For their award-winning paper, Chua and his students designed a pneumatic fingertip suction-feedback system for telemanipulation and conducted a user study with two experiments involving ten participants. Their recognition at the symposium underscores the institute’s leadership in haptics research. Audience members showed particular interest in the group’s psychophysics-based analysis of user behavior. Su found the experience of running a study from start to finish valuable, which further demonstrates our team’s research capabilities.
Ph.D. student Laura McGann, who studies with HFI Director Dustin Tyler, presented a poster on the role of haptics in the lab’s fully wearable, immersive human-in-the-loop interface, in which participants use body movements to complete manipulation tasks with a virtual robot arm. So far, she has worked with 27 human participants. She was encouraged by the positive reception of her poster and the enthusiasm for her multi-metric, transdisciplinary approaches.
Another one of Dr. Tyler’s Ph.D. students, Rachel Jakes, presented a hands-on demonstration entitled “Stereo Neural Haptics: Unencumbered Audio-Tactile Congruency.” Her demonstration delivers two independent haptic signals on the same finger synchronized with stereo sound. “Using surface electrical nerve stimulation, proximal activation of the nerves in the finger elicits spatially distinct sensations referred toward the fingertip,” said Jakes. “This system provides dynamic spatial feedback and precise temporal and intensity modulation, critical features for immersive applications with synchronized multisensory inputs. Further, the ring interface design keeps the fingertip free, enabling users to interact with the local environment unencumbered while receiving haptic data in mixed reality applications.” She had long lines for the demo on both days, including groups from Apple, Meta, and Google, and received a very positive reception.
Ph.D. student Ju-Hung Chen and M.S. student Jacob Hyman represented Assistant Professor Alexis E. Block’s Social and Physical Human-Robot Interaction (SaPHaRI) Lab. Their poster, a collaboration with Chua, focused on the Social Touch Taxonomy, an eight-level hierarchical binary decision tree categorizing common human-to-human social physical interactions. The goal is to use this as a reference to develop a robotic system delivering realistic social touch. “We had a lot of positive reception to our poster, and many people seemed to be interested in our work,” said Hyman. “We also got a lot of useful comments about what we can improve in our research and our future paper.”
“I’m incredibly proud of Jacob and Ju-Hung for their work at the IEEE Haptics Symposium,” said Dr. Block. “Their social touch taxonomy addresses a fundamental gap in how we understand and design touch in human-robot interaction, and the strong engagement it received reflects the field’s need for this direction. It was especially exciting to present this as a collaboration with Dr. Chua, showcasing the kind of interdisciplinary work we’re building within HFI.”

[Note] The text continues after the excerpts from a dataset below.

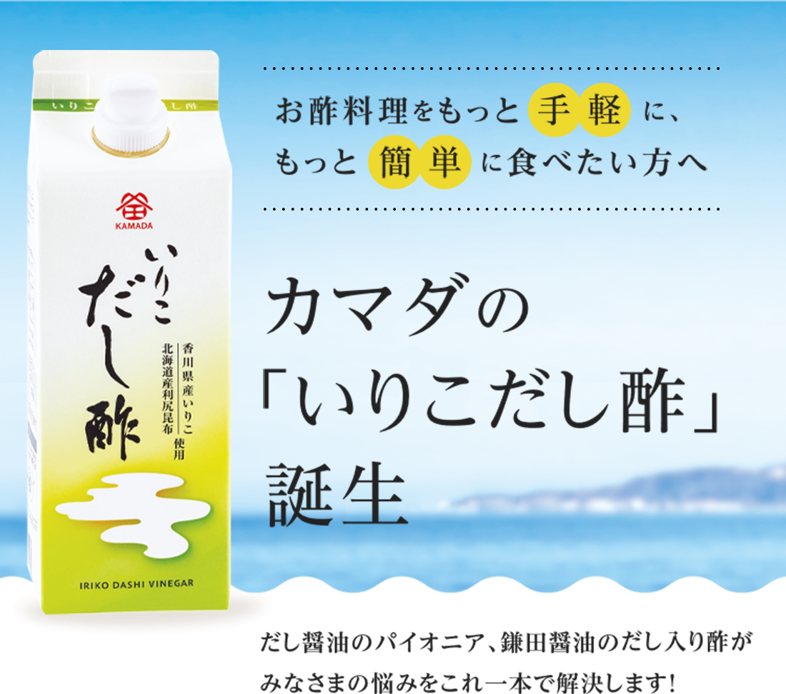 香川県伊吹島産いりこ(煮干いわし)と北海道産利尻昆布の旨みを、さわやかなりんご酢とまろやかな米酢にバランス良く合わせた調味酢です。
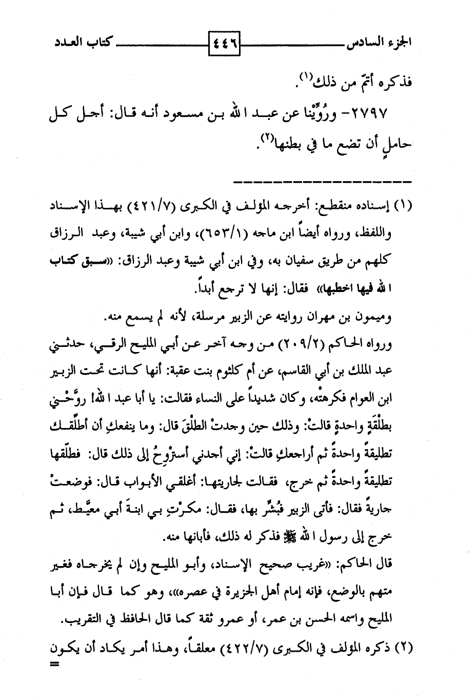 2797 - وروينا عن عبد الله بن مسعود انه قال : اجل كل حامل أن تضع ما في بطنها ( 2 ) .
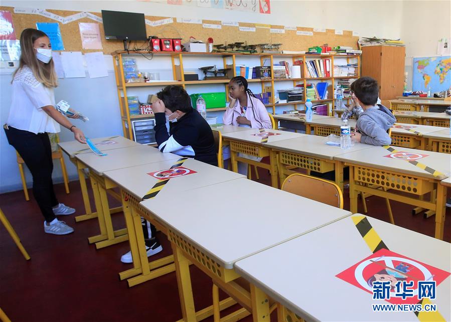 5月12日,在法国南部城市尼斯的西蒙娜·维伊小学,一张课桌上贴着“禁止使用”的标识。 法国从11日开始执行解禁措施。法国总理菲利普表示,逐步解禁的过程将至少持续数周。在第一阶段,商店和学校将重新开放,80%至85%的学校将复课,约100万名学生和13万名教师将返校。 新华社发(塞尔热·阿乌兹 摄)

UCLA Ph.D. student Ben Forbes enjoyed the opportunity to see his Ohio-based HFI counterparts at the conference. He presented his research protocol, “Towards Human-Centered Teleoperation Through Learning-based Shared Autonomy Control,” which centers on human experience in teleoperation. Forbes appreciated the feedback about ideas for shared autonomy algorithms. “People appreciated the way that our work focused on the human as opposed to robotic task performance,” he said. “I gained a lot of valuable perspectives from prominent figures in academia about where they think the field of haptics and tactile sensing is going. I learned a lot about measures of the human sense of touch and about ways to improve my research. I appreciated the perspectives of folks from industry.”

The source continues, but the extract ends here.